[3/16/22: edited title to reflect the cutoff of Russian markets from investors]
I've been thinking through the endgame scenarios for the Ukraine war. The following article somewhat summarizes my thoughts.
https://www.marketwatch.com/story/russias-invasion-of-ukraine-4-ways-this-war-could-end-11646324852?mod=mw_latestnewsOutcomes:1) Putin retreats or a treaty is agreed to
2) Russia gets into a decade-long quagmire
3) New Iron Curtain
4) NATO vs. Russia war
In scenarios 1 or 2, Russian stocks could recover dramatically, even if they are limited by sanctions to their domestic market. Of course, if the ruble keeps falling they won't earn much for Western investors.

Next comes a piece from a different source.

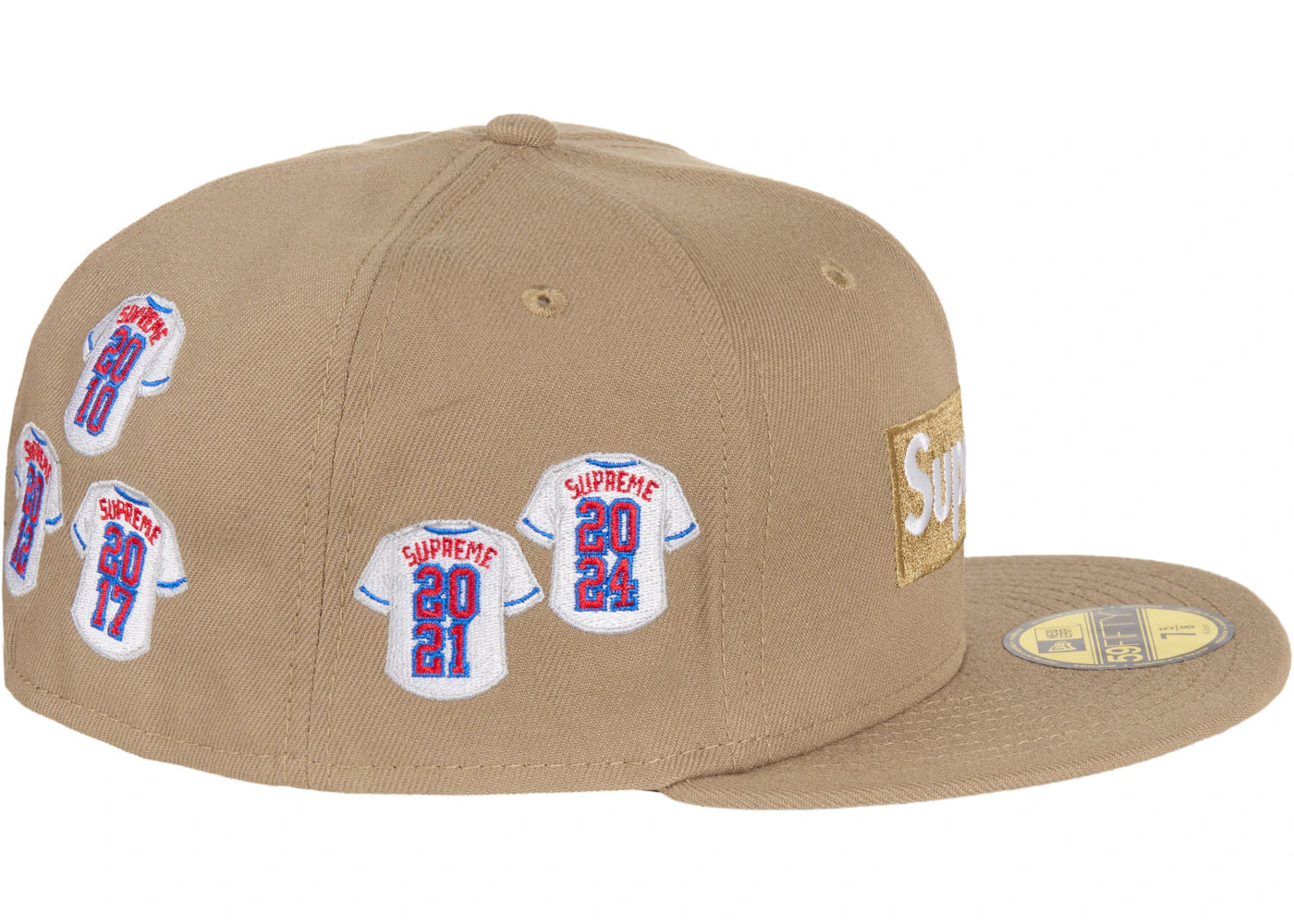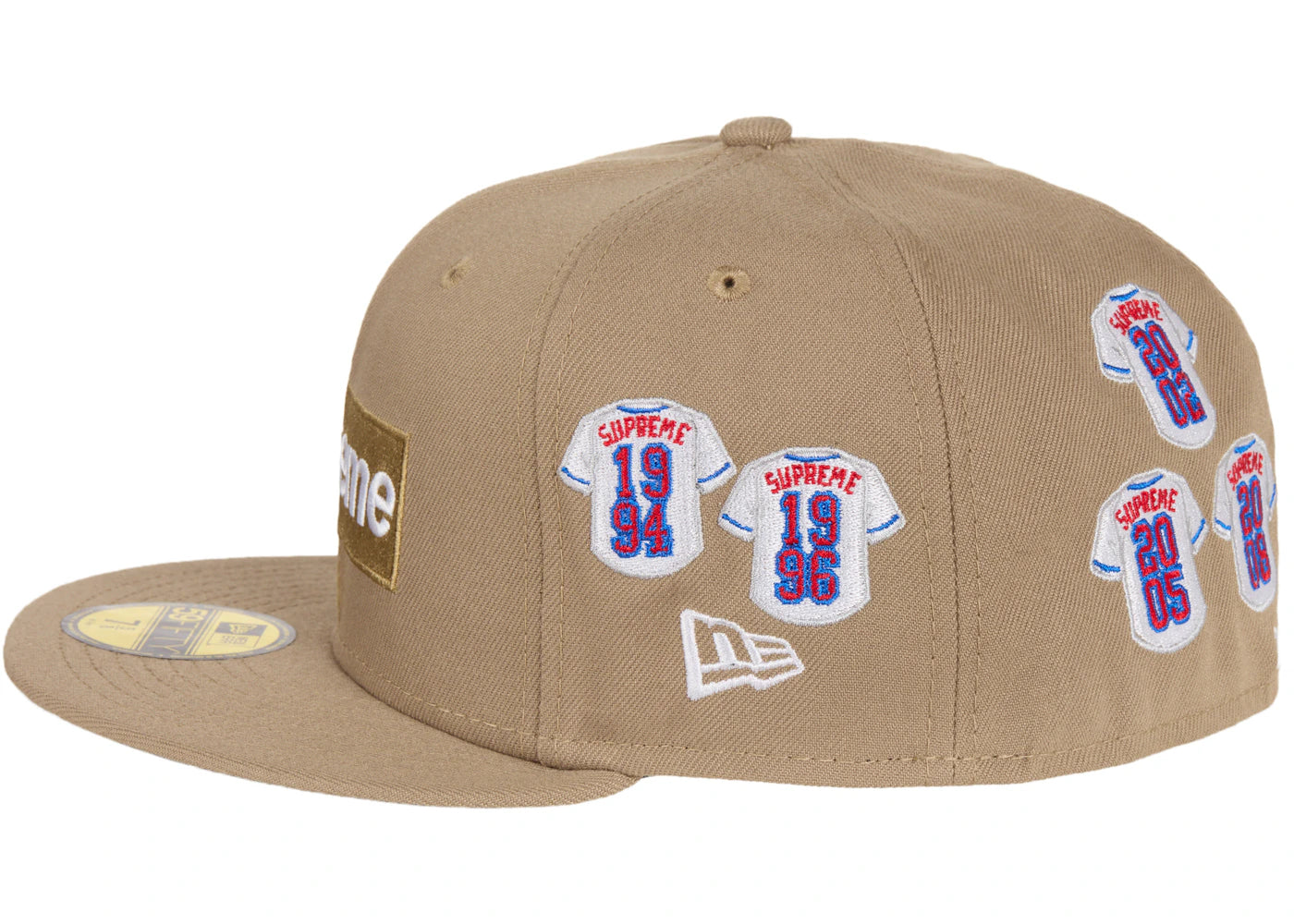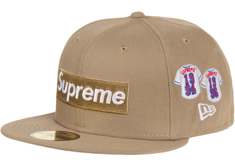 The Supreme Jerseys Box Logo New Era Fitted Hat Khaki is now available at Side Kicks!

Scenarios 3 and 4 could involve bans on foreign ownership and investments going to zero.
Yes, these are speculative penny stocks. But at some point, we have to recognize that Gazprom and Lukoil will continue selling gas/oil to Europe and China as they are doing today, Russian banks will continue to earn profits in Russia, etc. I don't think we're looking at communist-style nationalization, but it's possible in scenarios 3 and 4. Putin's new Soviet Union may continue to have capitalistic elements such as a stock market (now closed for 4 days like in 1998), foreign ownership of shares (like China), open forex markets (like now, still) etc.
Russian stocks are now selling at TTM PE ratios less than 0.5 to the extent they are still trading. At some point, if one assigns any probability whatsoever of Russia not collapsing Venezuela-style, private property rights of foreigners still existing in the future, and the world still needing oil and gas a couple years from now, it makes sense to gamble at some level of cheapness. Even if their long-term earnings are cut in half, you're still buying a stock with a PE ratio of, what, one?
Maybe now is the height of the panic / liquidity squeeze due to the Russian stock exchange being temporarily closed. I assign the most weight to scenario #2, so I can imagine these shares rebounding quickly. Your thoughts?